__TASK DIRECTIONS__
The full text of the records below, minus any pictures, should be given back word for word.

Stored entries
■ ■ ■ ■ ■

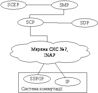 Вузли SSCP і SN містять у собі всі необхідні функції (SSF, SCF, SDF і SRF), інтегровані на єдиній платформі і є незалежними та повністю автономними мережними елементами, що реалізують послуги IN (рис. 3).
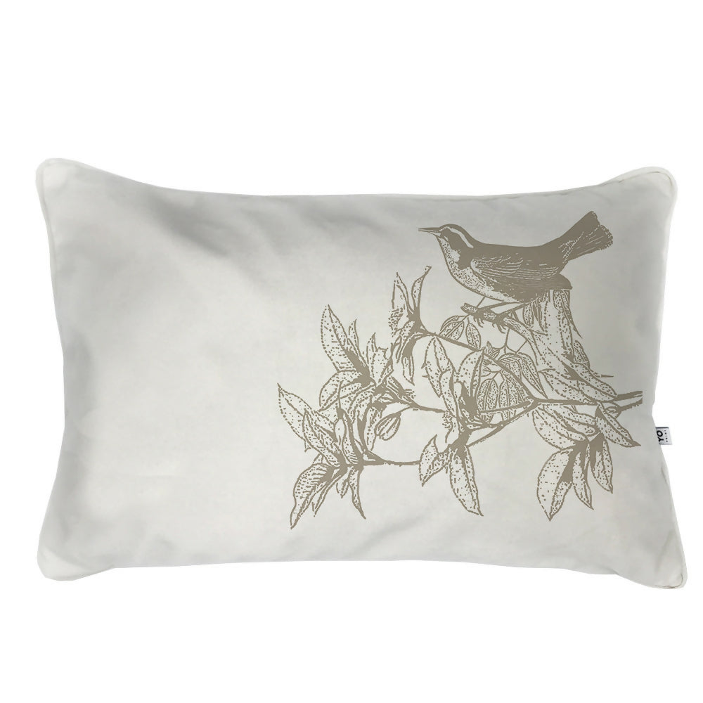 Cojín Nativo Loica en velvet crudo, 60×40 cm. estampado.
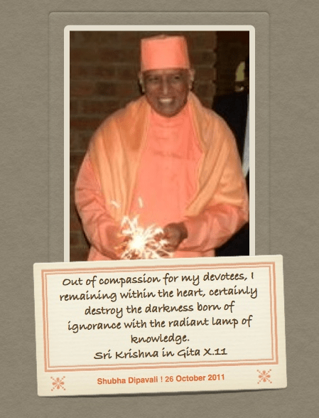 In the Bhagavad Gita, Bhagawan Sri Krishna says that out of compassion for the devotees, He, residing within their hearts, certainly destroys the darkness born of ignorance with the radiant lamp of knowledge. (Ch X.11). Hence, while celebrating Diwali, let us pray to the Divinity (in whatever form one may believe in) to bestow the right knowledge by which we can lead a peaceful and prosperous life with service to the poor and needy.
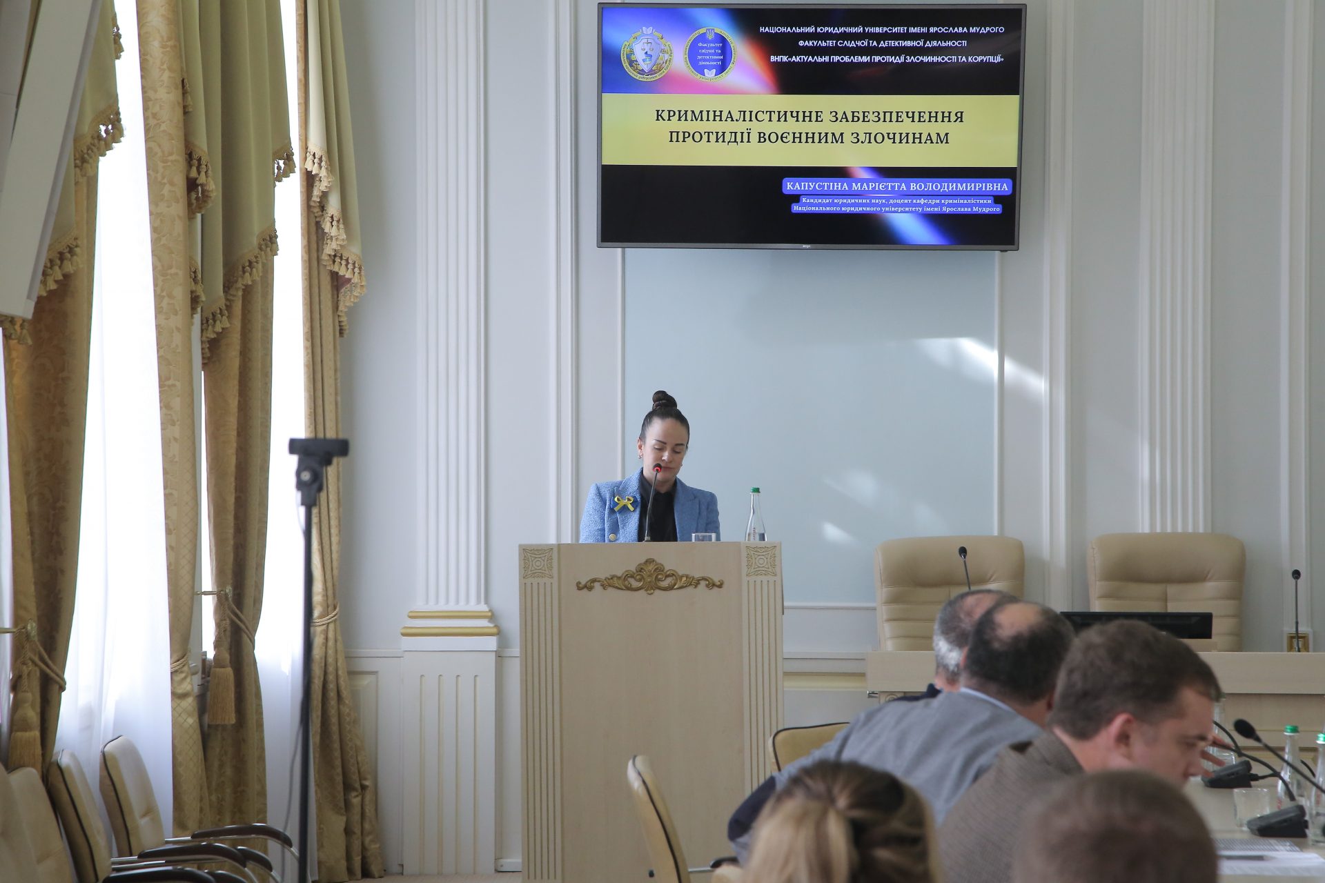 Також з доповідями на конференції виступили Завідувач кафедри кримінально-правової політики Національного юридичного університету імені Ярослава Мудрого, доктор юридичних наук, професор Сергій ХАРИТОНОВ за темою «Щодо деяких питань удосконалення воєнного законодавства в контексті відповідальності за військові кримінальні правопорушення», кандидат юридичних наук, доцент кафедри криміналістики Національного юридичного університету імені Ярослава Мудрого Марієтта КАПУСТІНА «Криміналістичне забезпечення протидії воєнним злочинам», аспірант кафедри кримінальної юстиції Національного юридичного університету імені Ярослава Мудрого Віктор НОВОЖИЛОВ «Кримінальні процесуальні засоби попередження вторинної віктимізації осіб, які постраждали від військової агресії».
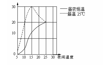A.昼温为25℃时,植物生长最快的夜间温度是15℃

■ ■ ■ ■ ■

__EXERCISE RESPONSE__
 Вузли SSCP і SN містять у собі всі необхідні функції (SSF, SCF, SDF і SRF), інтегровані на єдиній платформі і є незалежними та повністю автономними мережними елементами, що реалізують послуги IN (рис. 3).
 Cojín Nativo Loica en velvet crudo, 60×40 cm. estampado.
 In the Bhagavad Gita, Bhagawan Sri Krishna says that out of compassion for the devotees, He, residing within their hearts, certainly destroys the darkness born of ignorance with the radiant lamp of knowledge. (Ch X.11). Hence, while celebrating Diwali, let us pray to the Divinity (in whatever form one may believe in) to bestow the right knowledge by which we can lead a peaceful and prosperous life with service to the poor and needy.
 Також з доповідями на конференції виступили Завідувач кафедри кримінально-правової політики Національного юридичного університету імені Ярослава Мудрого, доктор юридичних наук, професор Сергій ХАРИТОНОВ за темою «Щодо деяких питань удосконалення воєнного законодавства в контексті відповідальності за військові кримінальні правопорушення», кандидат юридичних наук, доцент кафедри криміналістики Національного юридичного університету імені Ярослава Мудрого Марієтта КАПУСТІНА «Криміналістичне забезпечення протидії воєнним злочинам», аспірант кафедри кримінальної юстиції Національного юридичного університету імені Ярослава Мудрого Віктор НОВОЖИЛОВ «Кримінальні процесуальні засоби попередження вторинної віктимізації осіб, які постраждали від військової агресії».
A.昼温为25℃时,植物生长最快的夜间温度是15℃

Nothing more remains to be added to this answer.